# Sparky and the Sunshine Boys Sept 2012



## FaeryBee (May 9, 2011)

*Hey, Momma let me out of my cage so now I can go visit Sunny and Shelby










Darn, why does Momma always take my seeds away  when Sparky comes to visit??










Shelby, you know she takes it 'cause Sparky eats pellets as his main entrée.
Momma always leaves our pellets in our cage when he comes to visit. 
Why  don't you eat some of them?










Fine, but I'm still a little cranky  about it!

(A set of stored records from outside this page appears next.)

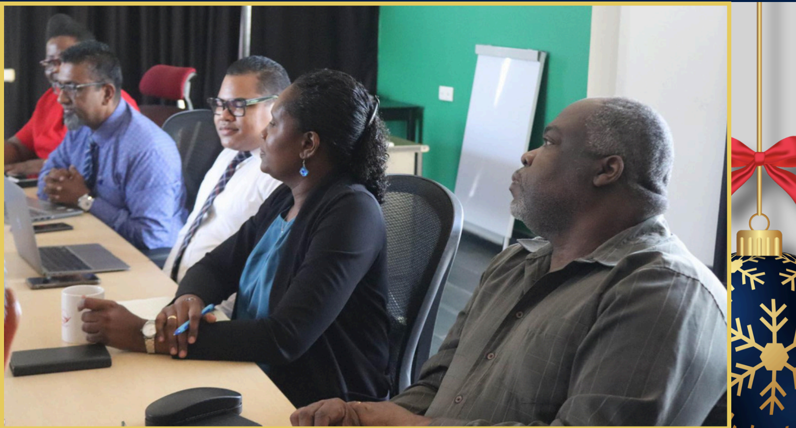
De directie van Welzijn en Arbeid tijdens het gesprek met de IDB-missie

geraakt, waardoor de realisatie van een moderne en toegankelijke Dienst Arbeidsbemiddeling dichterbij komt.
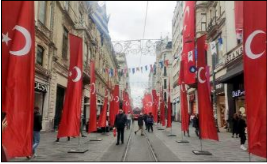
Bedii Onan, Çorum'un tüm cadde ve sokaklarının Türk Bayrakları ile donatılması gerektiğini söyledi.

riyet Bayramı'nın Çorum'da da tüm coşkusıyla kutlanması için tüm cadde ve sokakların bayraklarla donatılması gerektiğini belirten Zafer Partisi İl Başkanı Onan; "Cumhuriyetimizin 100. yılında evimize, işyerimize ve arabamıza Türk Bayrağı asalım. Bayrak bağımsızlığımızın en önemli simgesidir. Cumhuriyet Bayramımızın heyecanına ortak olmak için tüm hemşehrilerimizi balkon ve pencereleri ile araçlarına ay yıldızlı al bayrağımızı asmaya davet ediyoruz. Büyük Önder Atatürk'ü ve de silah arkadaşlarımızı, canından aziz bildiği vatan için kanlarını bu toprağa dökmüş şehitlerimizi rahmet ve minnetle bir kez daha yad ediyor Cumhuriyet Bayramımızı yürekten en kalbi sevgilerimle kutluyorum" diye konuştu. (Volkan SINAYUÇ)
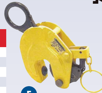
F Grappin à plaque
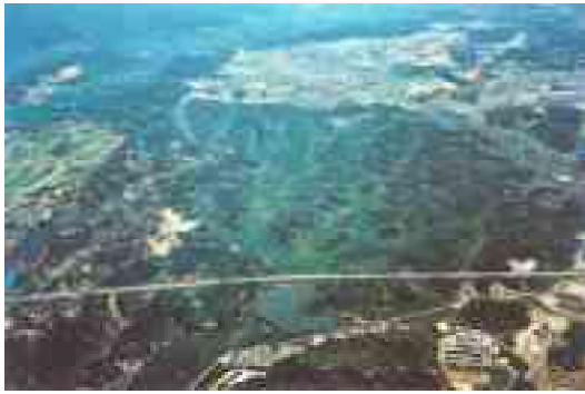
図 1-1 開発前の千里丘陵
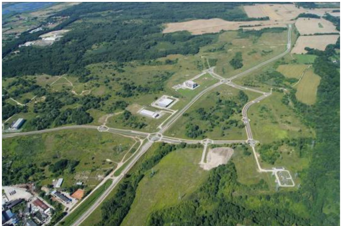
Fig.2. Development of road infrastructure (Elbląg) Ryc.2. Rozwój infrastruktury drogowej (Elbląg)

Well, when you are cranky then I look even cuter!!










I bet everybirdie on the forum thinks I'm the cutest of the two of us. :evil:










Shucks, Momma heard me bragging! 
She says we're both cute and she likes us both just the same. Phooey!

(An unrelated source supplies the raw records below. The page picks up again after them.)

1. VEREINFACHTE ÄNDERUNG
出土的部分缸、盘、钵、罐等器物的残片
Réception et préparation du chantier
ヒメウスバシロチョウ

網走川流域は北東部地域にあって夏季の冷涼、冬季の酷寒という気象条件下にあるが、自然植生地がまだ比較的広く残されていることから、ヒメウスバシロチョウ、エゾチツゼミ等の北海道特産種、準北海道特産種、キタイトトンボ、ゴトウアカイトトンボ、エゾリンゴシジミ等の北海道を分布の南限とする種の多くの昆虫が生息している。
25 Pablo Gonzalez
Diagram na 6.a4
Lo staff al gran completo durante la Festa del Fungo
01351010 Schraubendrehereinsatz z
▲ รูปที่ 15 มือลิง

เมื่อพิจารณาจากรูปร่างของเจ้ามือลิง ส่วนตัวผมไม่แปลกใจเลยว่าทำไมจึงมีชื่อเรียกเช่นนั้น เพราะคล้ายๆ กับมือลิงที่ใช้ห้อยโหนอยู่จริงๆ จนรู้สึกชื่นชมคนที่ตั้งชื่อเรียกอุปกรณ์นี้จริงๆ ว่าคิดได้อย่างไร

Could you guys wind it down a notch or two? Can't 'cha see I'm trying to nap here!








*


----------



## Passenger (Aug 5, 2011)

*Awwwhhhh! Sparky, Sunny, and Shelby are so cuteee!! :loveeyes:*


----------



## CuteLittleBirdies (Sep 27, 2009)

*Oh my gosh Deb!!! Sparky had turned into such a little fluff!! :wow:

They are all beautiful!! *


----------



## thepennywhistle (Dec 23, 2011)

*With siblings there is never a dull moment, is there 

Sunny and Shelby, you are both the most handsome 
birds with such unique feather patterns. How could
anyone choose between you? And Sunny, Gypsy says
you get more handsome with every month that passes.
Not to take anything away from the most handsome
brothers, but I have to agree that Sunny gets more
eyecatching with each month.

Wish there were professional birdie models. Your guys
would be a shoe in for the job!*


----------



## FaeryBee (May 9, 2011)

*Ummmm, Miss Skye??

I think the message from Gypsy was for me - Sparky, right??

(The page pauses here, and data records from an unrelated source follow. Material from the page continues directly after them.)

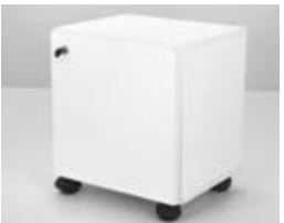
GUARDADO CHICO MELAMINA Valor: $ 58.000 (*)
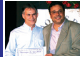
SICOOB CREDIPARNOR Cooperativa de Crédito Av. Dep. Quintino Vargas, 434 (38) 3671 5755
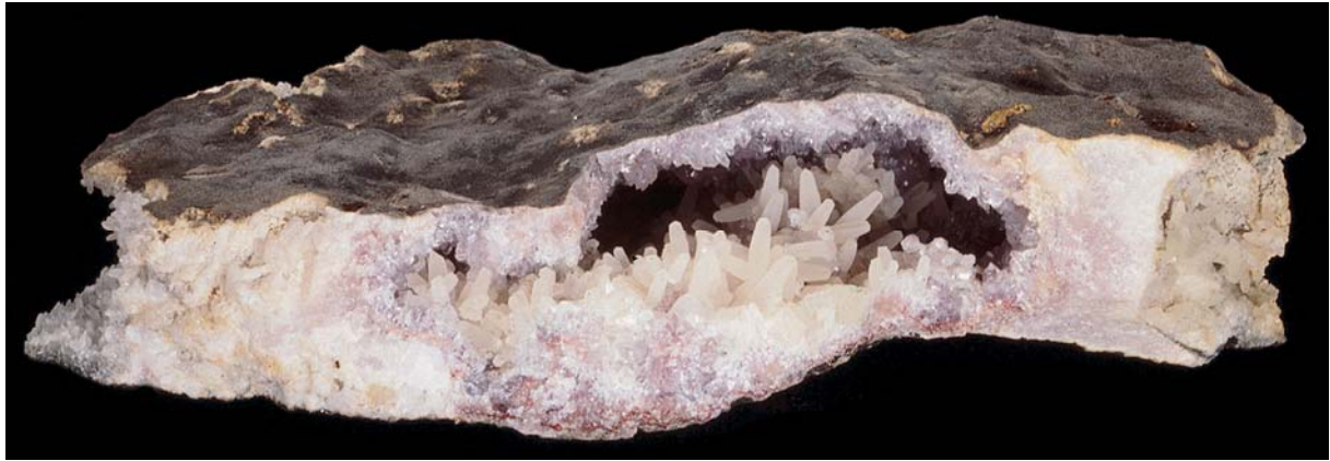
Hydrothermale Bildungen in Gängen und Gesteinshohlräumen können magmatischen, sedimentären oder metamorphen Ursprungs sein.

genauer definiert werden: Woher stammt die heiße Lösung, durch welchen Prozess ist sie entstanden? Michael Gienger unterscheidet aus diesem Grund in seinen Werken in »magmatisch-hydrothermal«, »sedimentär-hydrothermal« und »metamorph-hydrothermal«. Auch das stets in Übereinstimmung mit den modernsten wissenschaftlichen Forschungsergebnissen.

Gypsy is 'pposed to be MY girlfriend -- not Sunny's. out:

I'm sending her kisses... xoxox








*


----------



## thepennywhistle (Dec 23, 2011)

*Sparky, I am sooo sorry and so embarrassed!
Yes, Gypsy will be very cross with me for making
that mistake. Her comments were meant for 
you alone! She has eyes for no other budgie!*


----------



## FaeryBee (May 9, 2011)

*


thepennywhistle said:



Sparky, I am sooo sorry and so embarrassed!
Yes, Gypsy will be very cross with me for making
that mistake. Her comments were meant for 
you alone! She has eyes for no other budgie!

Click to expand...


WHEW!! I feel better now. 

Don't worry -- Momma gets 'fused and calls the pups "birdies" and us "puppies" sometimes. 
And... sometimes she even pauses awhile and looks at us for a minute fore she actually says our name  I think she's getting OLD!!*


----------



## aka.pody (Mar 18, 2008)

Oh those Sunshine Boys are always vying for your attention aren't they. 
Sparky just can't get any cuter.


----------



## Sonora1991 (Sep 20, 2012)

I an in love with Sparky and his little white cheeks! I've always wanted solid yellow budgies, and yours are simply adorable. Them all being related is even more adorable and sweet, with the white tipped wings! You're very lucky to have such sweet little babies like them.


----------



## jellyblue (Aug 11, 2010)

Sparky and the Sunshine Boys are as handsome as ever. Such little characters. I love to see them.


----------



## mandarinpj (Aug 2, 2012)

omg, i love this yellow bird's face dot. its so beautiful. 

all of them are so pretty


----------



## BirdCrazyJill (Jan 12, 2011)

*They are all so adorable!!  I love Sparky's white cheek patches!*


----------



## eduardo (Jul 24, 2011)

Aw, just look at them all! Love, love, love the yellow theme here Sparky is soooo fluffy though, wonderful flock, Deb!


----------



## louara (Jun 29, 2008)

*Aw how adorable they all are  Sparky is a big boy now!*


----------



## pinksand (Mar 17, 2010)

Yay!!! I've been looking forward to a photo shoot of your boys  They're all so handsome! Poor Sparky is a little pinhead right now like Tallulah  They're so matchy matchy


----------



## Charis (Aug 9, 2009)

They are such handsome birds. Beautiful to look at.


----------



## FaeryBee (May 9, 2011)

*Yaaaayy!!! :jumping:

Thanks everybirdie for lookin' at our pictures.   

Sparky, Sunny and Shelby*


----------



## nickbudgielover (Sep 26, 2012)

beautiful budgies!


----------



## FaeryBee (May 9, 2011)

*


pinksand said:



Yay!!! I've been looking forward to a photo shoot of your boys  They're all so handsome! Poor Sparky is a little pinhead right now like Tallulah  They're so matchy matchy 

Click to expand...

Hey, Bethany --
Any new pictures of little Lulah to share?*


----------



## Michelle M. (Nov 29, 2011)

Sparky and the Sunshine Boys always make me smile. I always get a little thrill when I see they have a new post .


----------



## SPBudgie (Nov 11, 2008)

*Ah - Sparky and the Sunshine Boys are always a treat to behold, Deb! And their sibling rivalry is a riot!*


----------



## Owlet (Dec 26, 2010)

They are gorgeous!!


----------



## juniper (Jun 5, 2012)

They are so adorable! I just want to squish Sparky (even though I know he would hate it lol).


----------



## FaeryBee (May 9, 2011)

*Just wait 'til all you birdies see us in our Halloween Costumes.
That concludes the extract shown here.